Select the proper order from least to greatest for [tex]\( \frac{2}{3}, \frac{7}{6}, \frac{1}{8}, \frac{9}{10} \)[/tex].

A. [tex]\( \frac{2}{3}, \frac{9}{10}, \frac{7}{6}, \frac{1}{8} \)[/tex]

B. [tex]\( \frac{7}{6}, \frac{9}{10}, \frac{2}{3}, \frac{1}{8} \)[/tex]

C. [tex]\( \frac{1}{8}, \frac{9}{10}, \frac{7}{6}, \frac{2}{3} \)[/tex]

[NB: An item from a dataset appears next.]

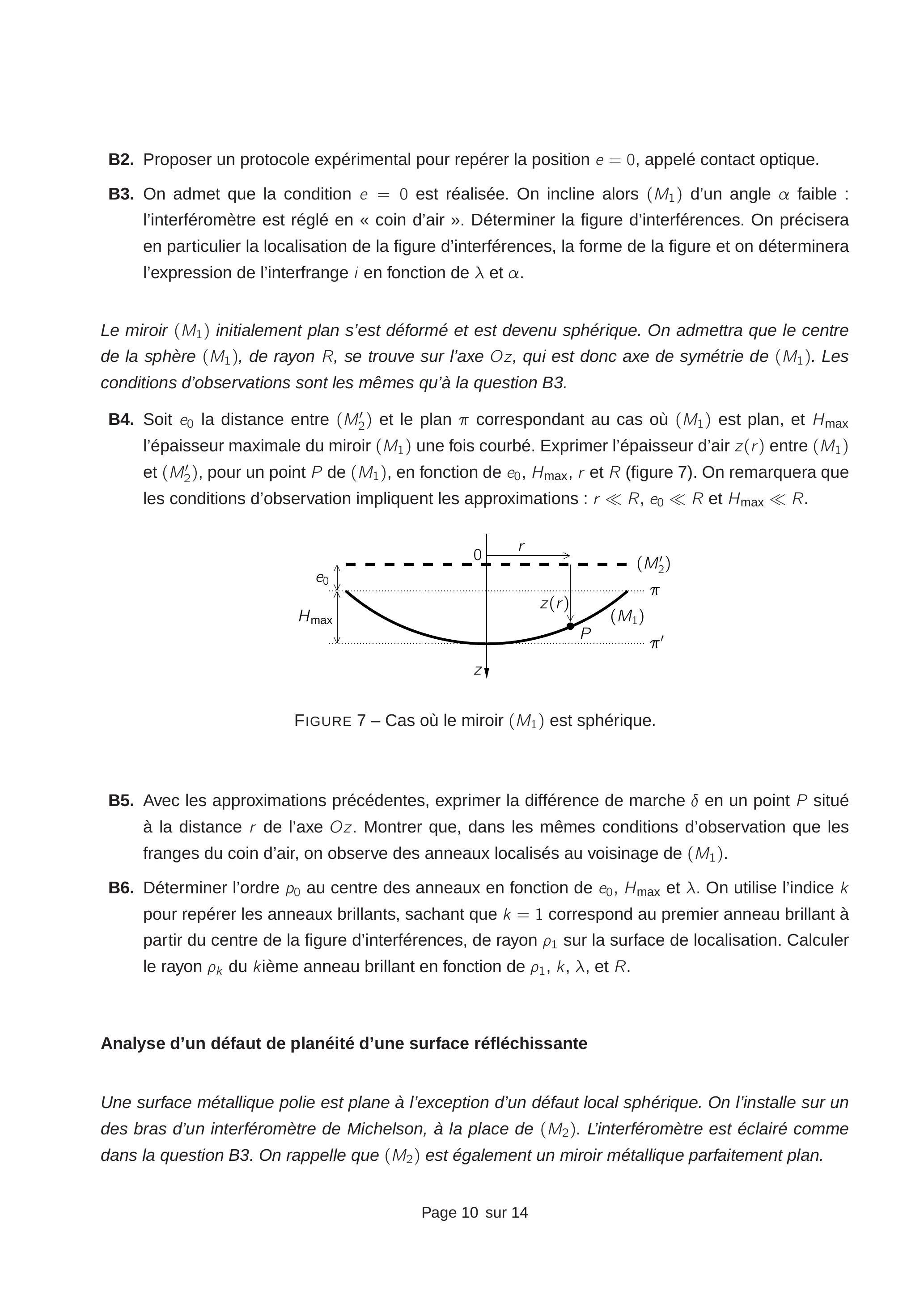 Une surface métallique polie est plane à l'exception d'un défaut local sphérique. On l'installe sur un des bras d'un interféromètre de Michelson, à la place de ( ). L'interféromètre est éclairé comme dans la question B3. On rappelle que ( ) est également un miroir métallique parfaitement plan.

D. [tex]\( \frac{1}{8}, \frac{2}{3}, \frac{9}{10}, \frac{7}{6} \)[/tex]



Answer :

To determine the proper order from least to greatest for the fractions [tex]\( \frac{2}{3}, \frac{7}{6}, \frac{1}{8}, \frac{9}{10} \)[/tex], let's compare their decimal equivalents.

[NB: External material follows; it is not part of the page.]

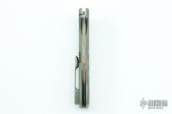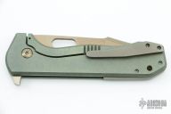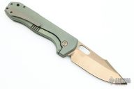 This Tac 4 by Jeremy Horton features the Lee Williams Kickstop, it has a bronzed chisel ground blade with a convex grind tip and thumbhole. The handle has an anodized and tumble finished titanium frame with a matching tip up clip and backspacer. Comes with a zippered case. Has nice detent, blade seating and lockup. Excellent condition. 1 of 3 that were made.

- [tex]\( \frac{2}{3} \approx 0.6667 \)[/tex]
- [tex]\( \frac{7}{6} \approx 1.1667 \)[/tex]
- [tex]\( \frac{1}{8} = 0.125 \)[/tex]
- [tex]\( \frac{9}{10} = 0.9 \)[/tex]

By comparing these decimal values, we can arrange the fractions in ascending order:

1. [tex]\( \frac{1}{8} \approx 0.125 \)[/tex]
2. [tex]\( \frac{2}{3} \approx 0.6667 \)[/tex]
3. [tex]\( \frac{9}{10} = 0.9 \)[/tex]
4. [tex]\( \frac{7}{6} \approx 1.1667 \)[/tex]

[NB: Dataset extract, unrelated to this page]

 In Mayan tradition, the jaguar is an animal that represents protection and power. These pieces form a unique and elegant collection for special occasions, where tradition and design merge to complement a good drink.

Therefore, the proper order from least to greatest is [tex]\( \frac{1}{8}, \frac{2}{3}, \frac{9}{10}, \frac{7}{6} \)[/tex].

The correct answer is:

D. [tex]\( \frac{1}{8}, \frac{2}{3}, \frac{9}{10}, \frac{7}{6} \)[/tex].